# Prompt
Whatever precedes the line containing "People share stories" is not copied; that line and every line after it through the final one below are copied exactly, except pictures.

# Data for this exercise
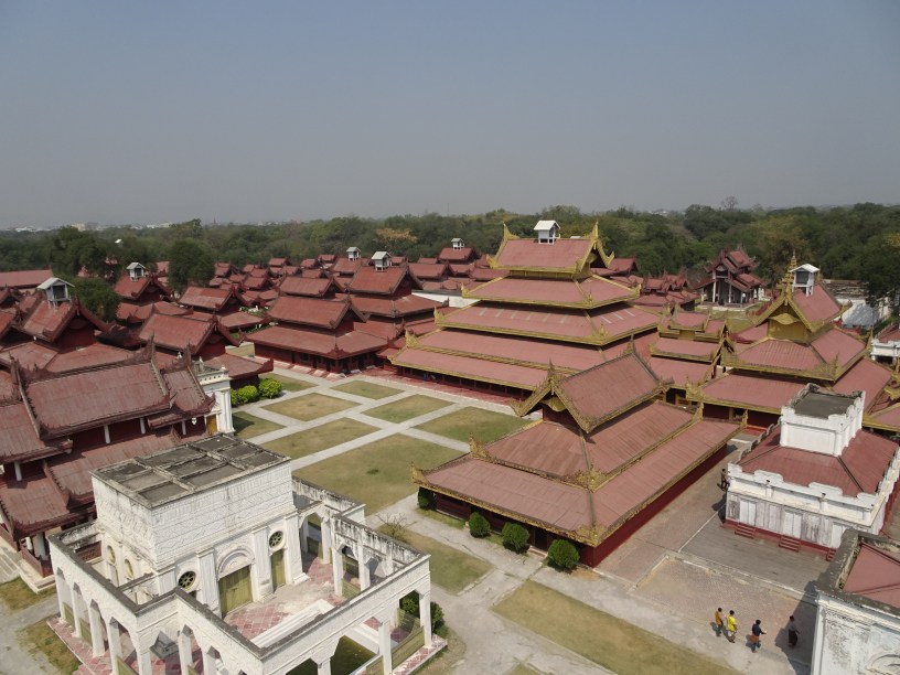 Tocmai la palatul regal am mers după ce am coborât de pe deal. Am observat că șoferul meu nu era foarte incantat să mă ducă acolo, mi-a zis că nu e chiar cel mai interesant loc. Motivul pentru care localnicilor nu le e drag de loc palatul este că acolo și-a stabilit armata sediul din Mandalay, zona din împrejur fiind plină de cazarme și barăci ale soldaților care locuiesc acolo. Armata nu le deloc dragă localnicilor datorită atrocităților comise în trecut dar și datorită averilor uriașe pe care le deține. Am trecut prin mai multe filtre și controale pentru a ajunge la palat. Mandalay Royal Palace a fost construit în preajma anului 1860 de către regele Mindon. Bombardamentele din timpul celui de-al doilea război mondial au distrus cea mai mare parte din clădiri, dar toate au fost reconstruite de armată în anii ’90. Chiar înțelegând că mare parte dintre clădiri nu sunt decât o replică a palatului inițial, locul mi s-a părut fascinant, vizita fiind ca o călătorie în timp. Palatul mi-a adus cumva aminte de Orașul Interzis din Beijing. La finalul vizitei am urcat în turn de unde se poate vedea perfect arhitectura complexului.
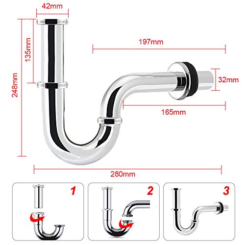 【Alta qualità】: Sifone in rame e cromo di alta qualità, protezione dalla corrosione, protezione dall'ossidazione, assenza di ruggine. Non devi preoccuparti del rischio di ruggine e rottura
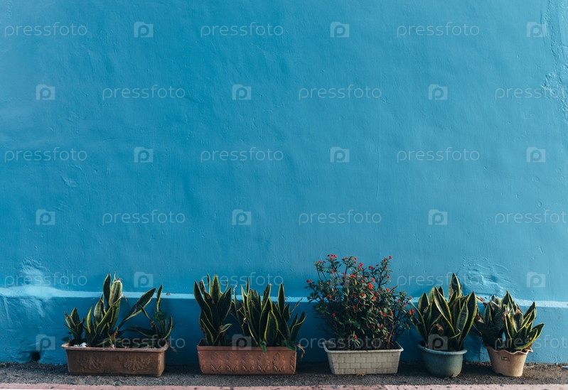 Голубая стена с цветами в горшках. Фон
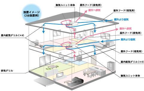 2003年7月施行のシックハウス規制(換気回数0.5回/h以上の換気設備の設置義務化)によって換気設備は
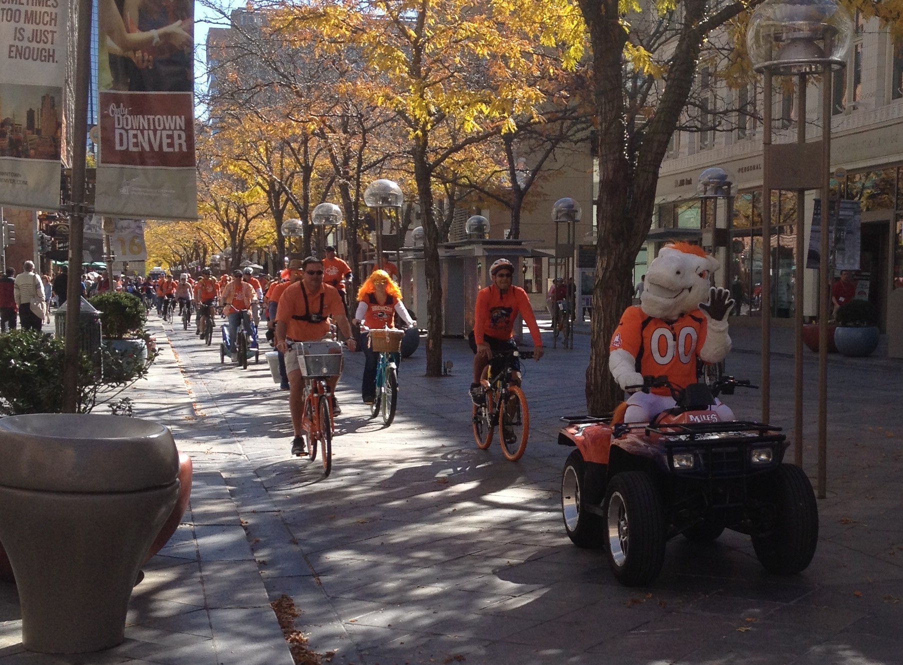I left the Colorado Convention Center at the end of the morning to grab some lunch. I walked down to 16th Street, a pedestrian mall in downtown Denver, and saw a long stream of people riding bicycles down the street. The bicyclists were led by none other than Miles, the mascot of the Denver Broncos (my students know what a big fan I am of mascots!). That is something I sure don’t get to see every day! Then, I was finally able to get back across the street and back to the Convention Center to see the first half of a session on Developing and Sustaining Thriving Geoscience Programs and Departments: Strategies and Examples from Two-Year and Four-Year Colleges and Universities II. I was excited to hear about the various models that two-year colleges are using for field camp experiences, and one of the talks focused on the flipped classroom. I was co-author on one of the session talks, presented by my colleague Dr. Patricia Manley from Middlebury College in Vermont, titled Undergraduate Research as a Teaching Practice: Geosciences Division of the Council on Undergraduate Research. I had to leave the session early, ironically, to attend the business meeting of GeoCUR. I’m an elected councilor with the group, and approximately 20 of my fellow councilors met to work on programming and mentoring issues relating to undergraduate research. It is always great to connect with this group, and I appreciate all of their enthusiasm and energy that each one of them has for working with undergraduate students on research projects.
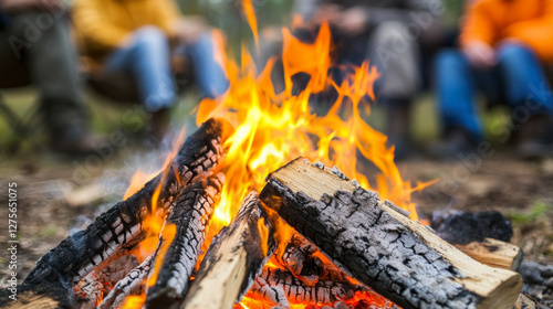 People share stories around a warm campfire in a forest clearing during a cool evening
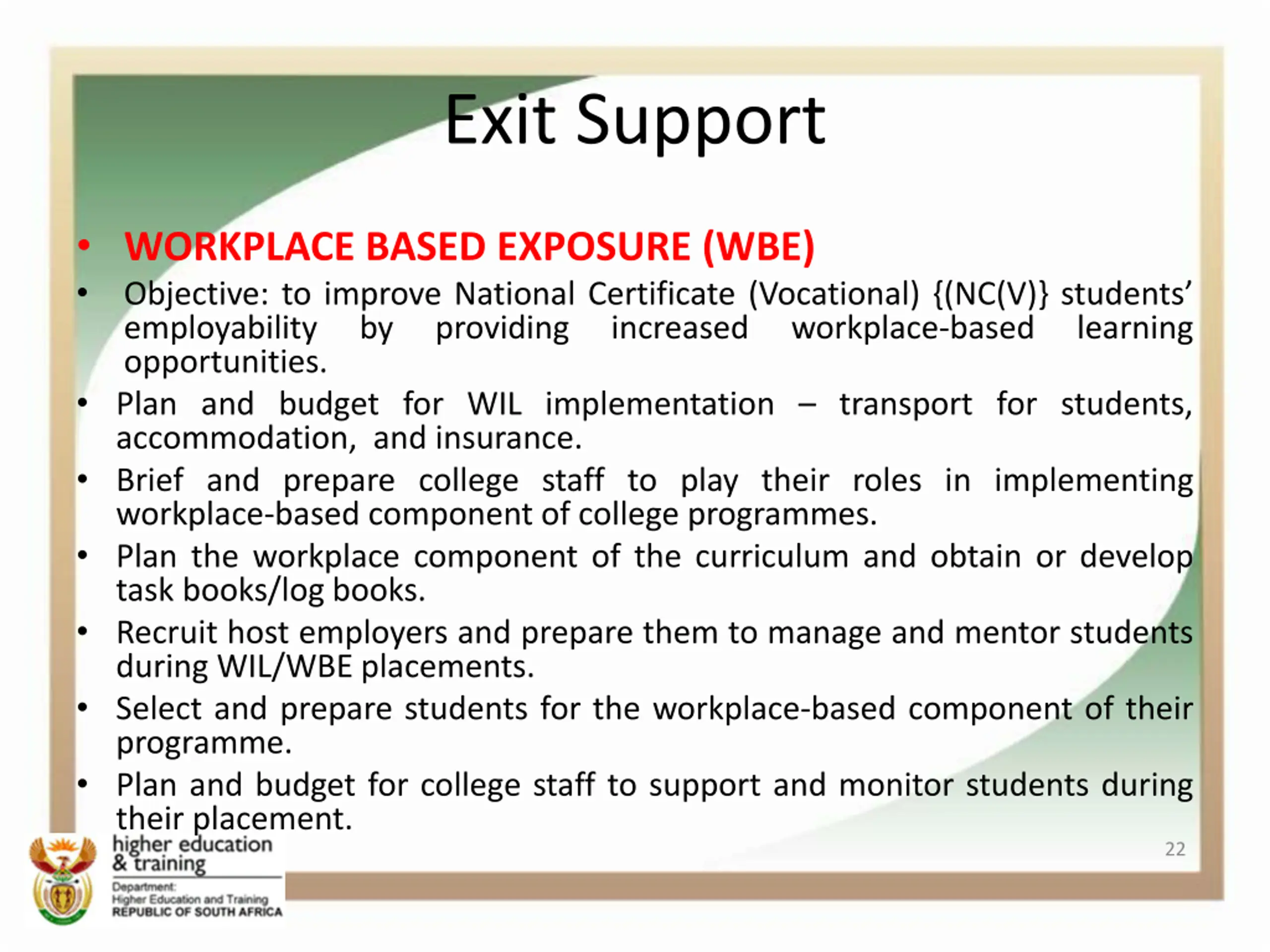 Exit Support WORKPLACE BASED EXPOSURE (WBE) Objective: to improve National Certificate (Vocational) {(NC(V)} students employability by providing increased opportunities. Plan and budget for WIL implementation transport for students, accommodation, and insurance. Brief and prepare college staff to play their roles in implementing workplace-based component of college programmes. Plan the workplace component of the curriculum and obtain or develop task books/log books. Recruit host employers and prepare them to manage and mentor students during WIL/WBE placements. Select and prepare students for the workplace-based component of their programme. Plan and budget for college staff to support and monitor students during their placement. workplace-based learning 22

# Output
 People share stories around a warm campfire in a forest clearing during a cool evening
 Exit Support WORKPLACE BASED EXPOSURE (WBE) Objective: to improve National Certificate (Vocational) {(NC(V)} students employability by providing increased opportunities. Plan and budget for WIL implementation transport for students, accommodation, and insurance. Brief and prepare college staff to play their roles in implementing workplace-based component of college programmes. Plan the workplace component of the curriculum and obtain or develop task books/log books. Recruit host employers and prepare them to manage and mentor students during WIL/WBE placements. Select and prepare students for the workplace-based component of their programme. Plan and budget for college staff to support and monitor students during their placement. workplace-based learning 22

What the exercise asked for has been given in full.